To avoid potential stability problems of the genetic constructs, cotB DNA encoding the three 27-amino-acid repeats of CotB (Fig. 1A) was not included in the gene fusions and only DNA encoding the N-terminal 275 amino acids of CotB was used (Fig. 1B). Fusion A (Fig. 1B) was obtained by cloning tetC in frame with the serine codon at position 275 (Fig. 1A); fusion B (Fig. 1B) was constructed by inserting tetC between cotB transcriptional-translational signals and cotB DNA coding for the first 275 amino acids; fusion C (Fig. 1B) was derived from fusion A by addition of DNA coding for the C-terminal 41 amino acids of CotB (Fig. 1A). All gene fusions were integrated on the B. subtilis chromosome at the amyE locus by double-crossover recombination events (see Materials and Methods). Individual clones for each transformation were tested by PCR (data not shown); these clones were named RH103 (fusion A), RH110 (fusion B), and RH109 (fusion C) and were used for further analysis. The three recombinant strains and their isogenic parental strain PY79 showed comparable sporulation and germination efficiencies, and their spores were equally resistant to chloroform and lysozyme treatment (data not shown), indicating that the presence of the CotB-TTFC fusion does not significantly affect spore structure and/or function.CotB-TTFC gene fusions are localized to the spore coat.
To
verify that CotB-TTFC gene fusions were localized to the spore coat, we
analyzed cell extracts of sporulating cells in Western blot experiments
with anti-CotB and anti-TTFC antibodies. Strains RH103 (fusion A),
RH110 (fusion B), and RH109 (fusion C) were grown in Difco sporulation
(DS) medium and harvested 7 h after the onset of
sporulation, at the time of maximal cotB expression
(9, 14). Cells were disrupted by sonication, and the
total-cell extract (supernatant) was separated from forming spores,
unbroken cells, and cell debris (pellet) by centrifugation. The
obtained pellet was then used to extract coat proteins by SDS-DTT
treatment at 65°C. Then 50-µg portions of total proteins obtained
from supernatant and pellet of each strain were fractionated on a 10%
polyacrylamide gel, blotted, and reacted with anti-CotB and anti-TTFC
antibodies.
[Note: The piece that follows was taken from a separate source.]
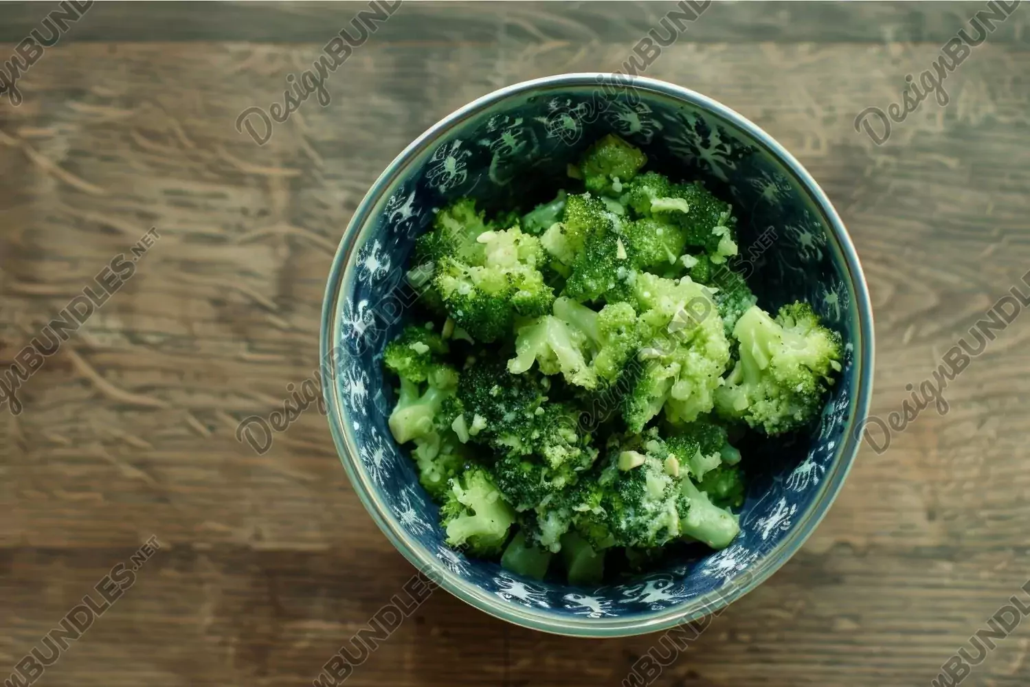Fresh steamed broccoli served in an ornate blue bowl on a wooden table

As shown in Fig. 3 (lanes 1 to 8), specific CotB-TTFC signals were observed only in the pellet
fractions of the three strains. Our interpretation of these results was
that CotB-TTFC was assembled on the forming spore (pellet) and, as a
consequence, not found in the cell extracts (supernatant). To determine
whether this interpretation was correct, we used chromosomal DNA-mediated transformation to move the gene fusions into an isogenic B. subtilis strain with the cotG gene deleted
(ER203; Table 1), since CotG is known to be required for CotB assembly
within the spore coat (27). We then repeated the
experiment as described above and collected sporulating cells 7 h
after the onset of sporulation. As shown in Fig. 3 (lanes 9 to 16), in
a cotG null background CotB-TTFC specific signals were found
in the cell extract fraction (supernatant), thus allowing us to infer
that CotB-TTFC gene fusions are spore coat associated.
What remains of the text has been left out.